Could you output the entries that follow exactly, omitting any pictures they contain?

□ □ □ □ □

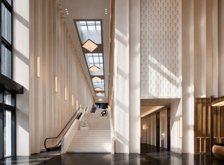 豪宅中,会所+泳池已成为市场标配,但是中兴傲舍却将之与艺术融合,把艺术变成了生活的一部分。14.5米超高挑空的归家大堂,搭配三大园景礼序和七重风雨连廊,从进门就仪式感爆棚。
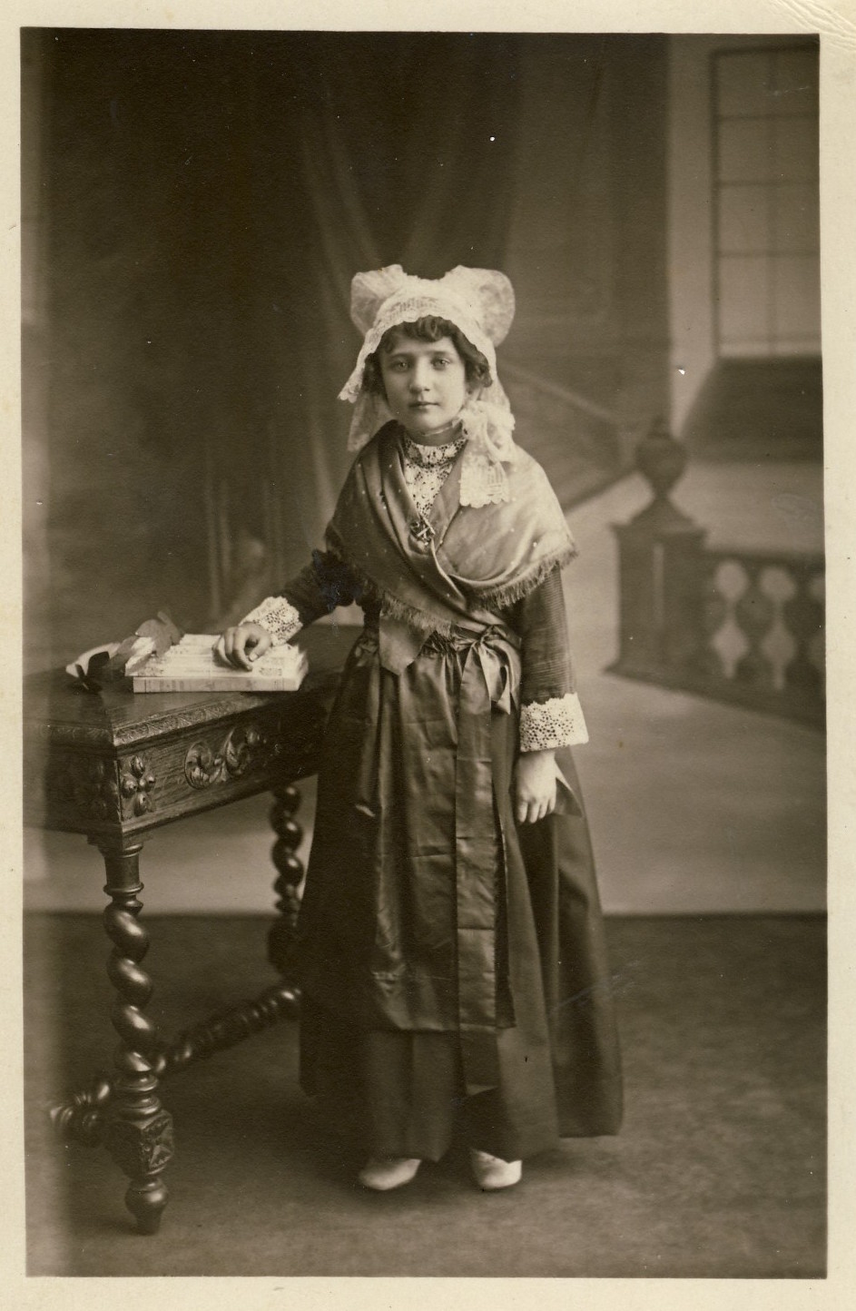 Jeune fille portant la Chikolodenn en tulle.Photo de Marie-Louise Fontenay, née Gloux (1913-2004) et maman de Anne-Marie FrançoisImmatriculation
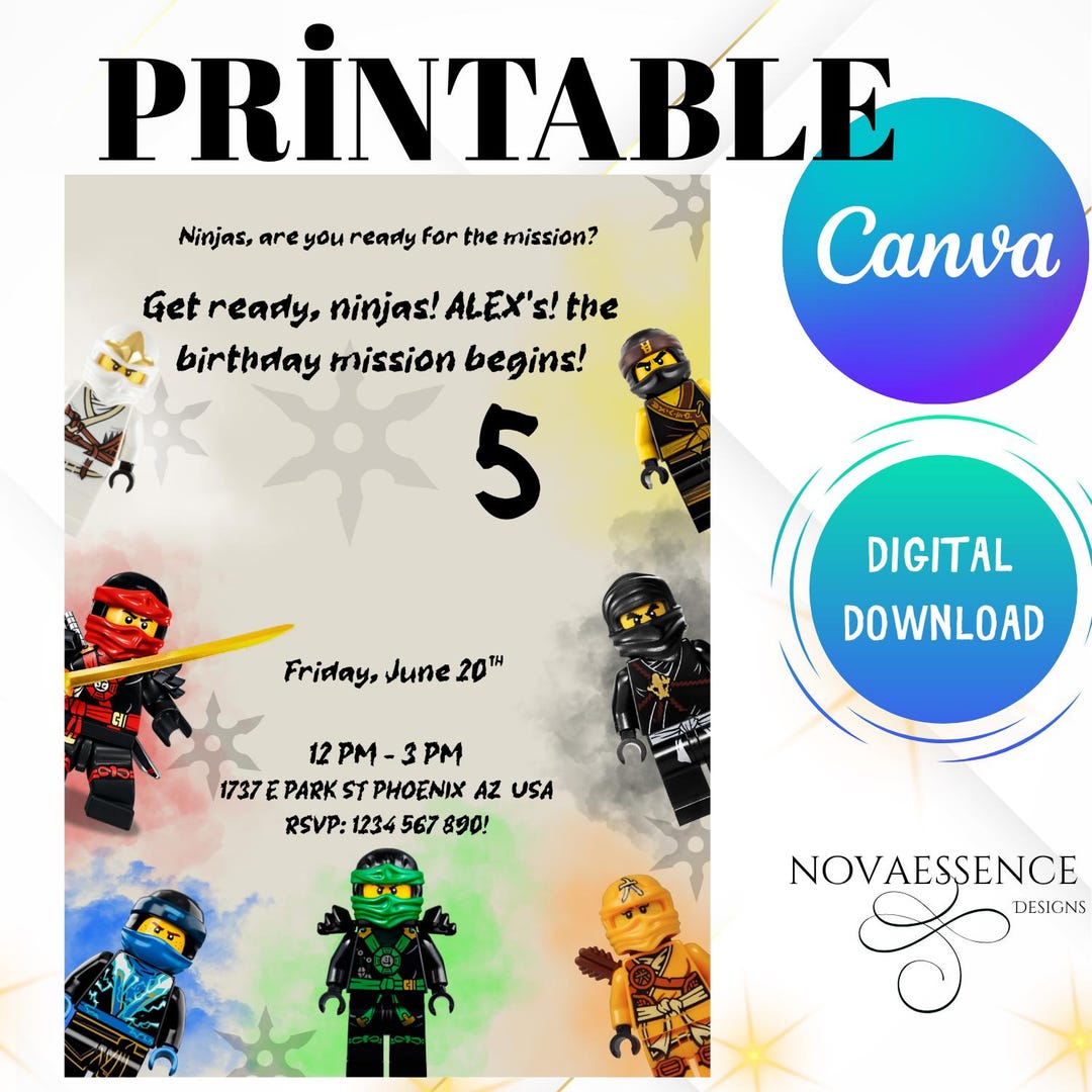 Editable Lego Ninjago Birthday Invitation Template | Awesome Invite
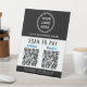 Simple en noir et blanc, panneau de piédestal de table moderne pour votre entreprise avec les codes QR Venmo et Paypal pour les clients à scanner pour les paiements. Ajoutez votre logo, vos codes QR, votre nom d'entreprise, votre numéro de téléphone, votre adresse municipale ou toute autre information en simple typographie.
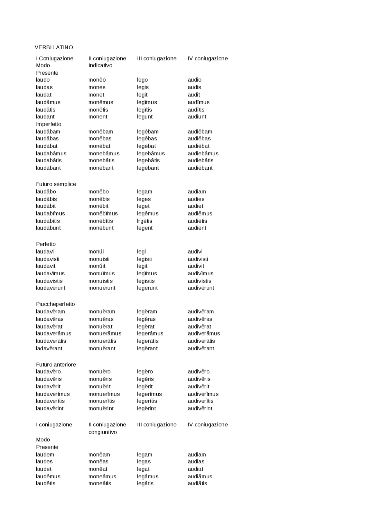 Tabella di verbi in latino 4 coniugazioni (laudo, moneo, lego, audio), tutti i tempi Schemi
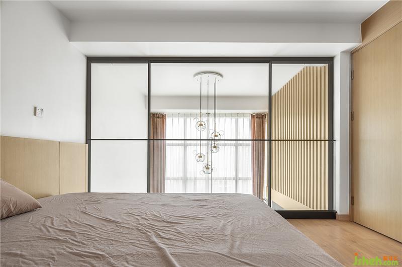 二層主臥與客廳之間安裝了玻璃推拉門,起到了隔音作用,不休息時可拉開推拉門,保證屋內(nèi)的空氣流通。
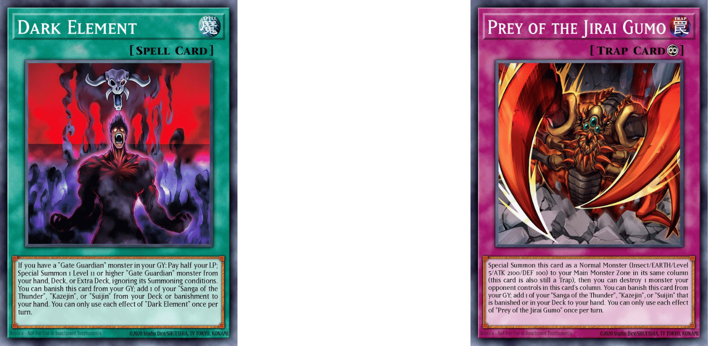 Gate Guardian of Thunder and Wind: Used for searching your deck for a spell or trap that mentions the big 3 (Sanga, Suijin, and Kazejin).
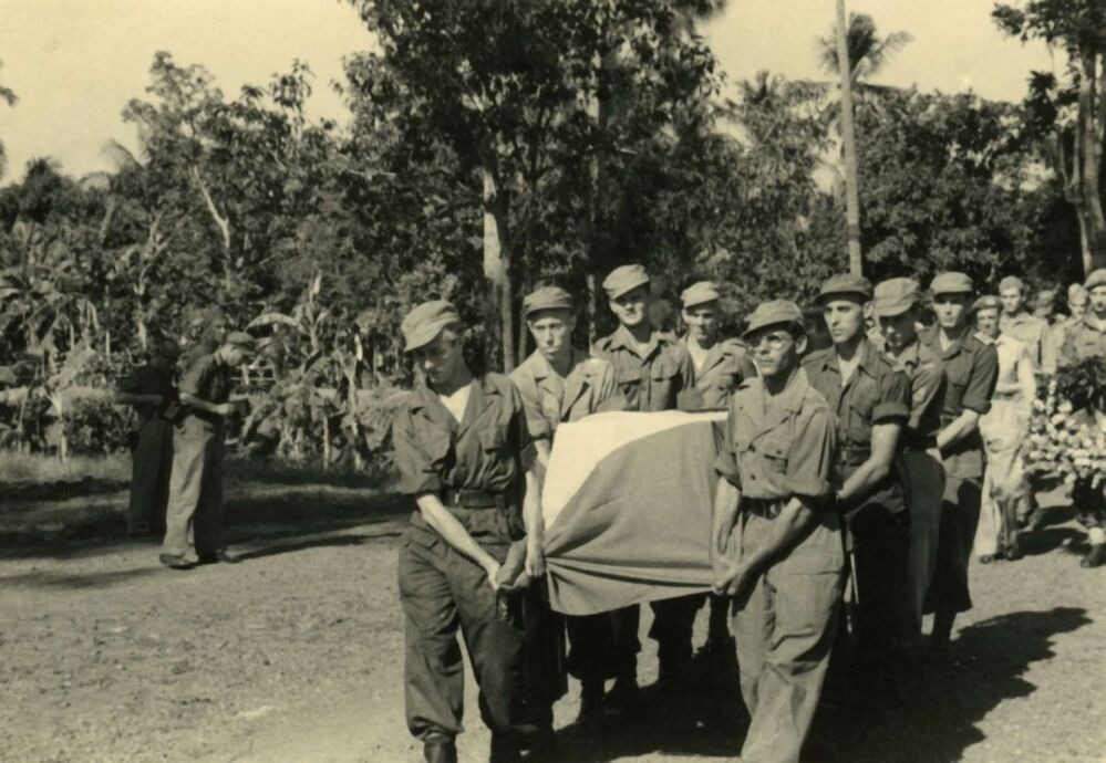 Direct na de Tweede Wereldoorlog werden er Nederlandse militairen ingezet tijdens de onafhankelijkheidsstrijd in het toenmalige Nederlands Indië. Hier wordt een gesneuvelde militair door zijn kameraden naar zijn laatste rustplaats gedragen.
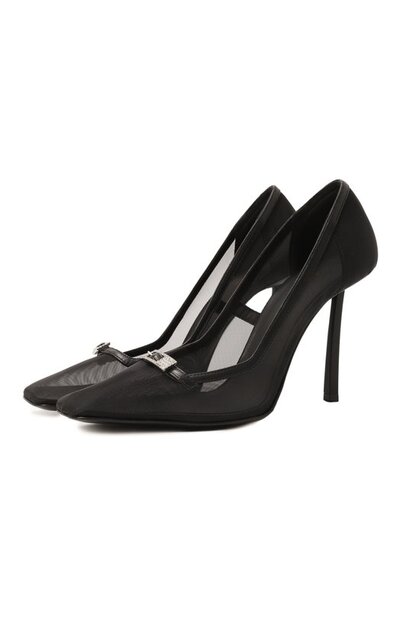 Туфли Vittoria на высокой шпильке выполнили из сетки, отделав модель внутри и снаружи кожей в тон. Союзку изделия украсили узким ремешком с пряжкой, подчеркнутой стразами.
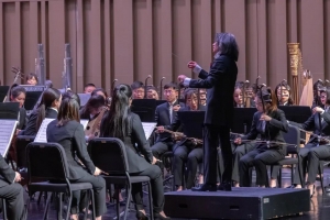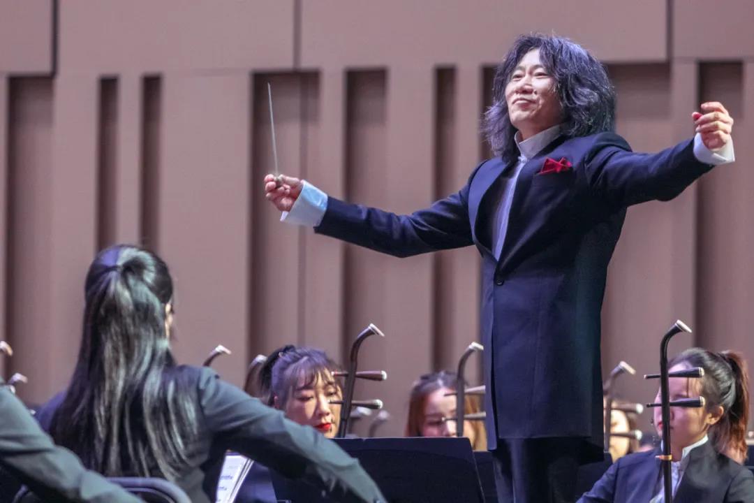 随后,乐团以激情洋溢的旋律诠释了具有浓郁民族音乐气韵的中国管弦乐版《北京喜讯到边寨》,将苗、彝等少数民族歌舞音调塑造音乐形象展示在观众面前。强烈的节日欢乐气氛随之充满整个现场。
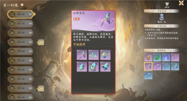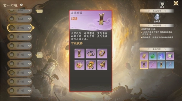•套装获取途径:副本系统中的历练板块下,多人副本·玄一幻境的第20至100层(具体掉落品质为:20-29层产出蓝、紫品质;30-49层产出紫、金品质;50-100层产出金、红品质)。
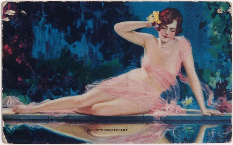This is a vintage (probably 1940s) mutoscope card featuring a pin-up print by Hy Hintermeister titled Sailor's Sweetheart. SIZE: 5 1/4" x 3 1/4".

□ □ □ □ □

EXPECTED ANSWER:
 豪宅中,会所+泳池已成为市场标配,但是中兴傲舍却将之与艺术融合,把艺术变成了生活的一部分。14.5米超高挑空的归家大堂,搭配三大园景礼序和七重风雨连廊,从进门就仪式感爆棚。
 Jeune fille portant la Chikolodenn en tulle.Photo de Marie-Louise Fontenay, née Gloux (1913-2004) et maman de Anne-Marie FrançoisImmatriculation
 Editable Lego Ninjago Birthday Invitation Template | Awesome Invite
 Simple en noir et blanc, panneau de piédestal de table moderne pour votre entreprise avec les codes QR Venmo et Paypal pour les clients à scanner pour les paiements. Ajoutez votre logo, vos codes QR, votre nom d'entreprise, votre numéro de téléphone, votre adresse municipale ou toute autre information en simple typographie.
 Tabella di verbi in latino 4 coniugazioni (laudo, moneo, lego, audio), tutti i tempi Schemi
 二層主臥與客廳之間安裝了玻璃推拉門,起到了隔音作用,不休息時可拉開推拉門,保證屋內(nèi)的空氣流通。
 Gate Guardian of Thunder and Wind: Used for searching your deck for a spell or trap that mentions the big 3 (Sanga, Suijin, and Kazejin).
 Direct na de Tweede Wereldoorlog werden er Nederlandse militairen ingezet tijdens de onafhankelijkheidsstrijd in het toenmalige Nederlands Indië. Hier wordt een gesneuvelde militair door zijn kameraden naar zijn laatste rustplaats gedragen.
 Туфли Vittoria на высокой шпильке выполнили из сетки, отделав модель внутри и снаружи кожей в тон. Союзку изделия украсили узким ремешком с пряжкой, подчеркнутой стразами.
 随后,乐团以激情洋溢的旋律诠释了具有浓郁民族音乐气韵的中国管弦乐版《北京喜讯到边寨》,将苗、彝等少数民族歌舞音调塑造音乐形象展示在观众面前。强烈的节日欢乐气氛随之充满整个现场。
•套装获取途径:副本系统中的历练板块下,多人副本·玄一幻境的第20至100层(具体掉落品质为:20-29层产出蓝、紫品质;30-49层产出紫、金品质;50-100层产出金、红品质)。
This is a vintage (probably 1940s) mutoscope card featuring a pin-up print by Hy Hintermeister titled Sailor's Sweetheart. SIZE: 5 1/4" x 3 1/4".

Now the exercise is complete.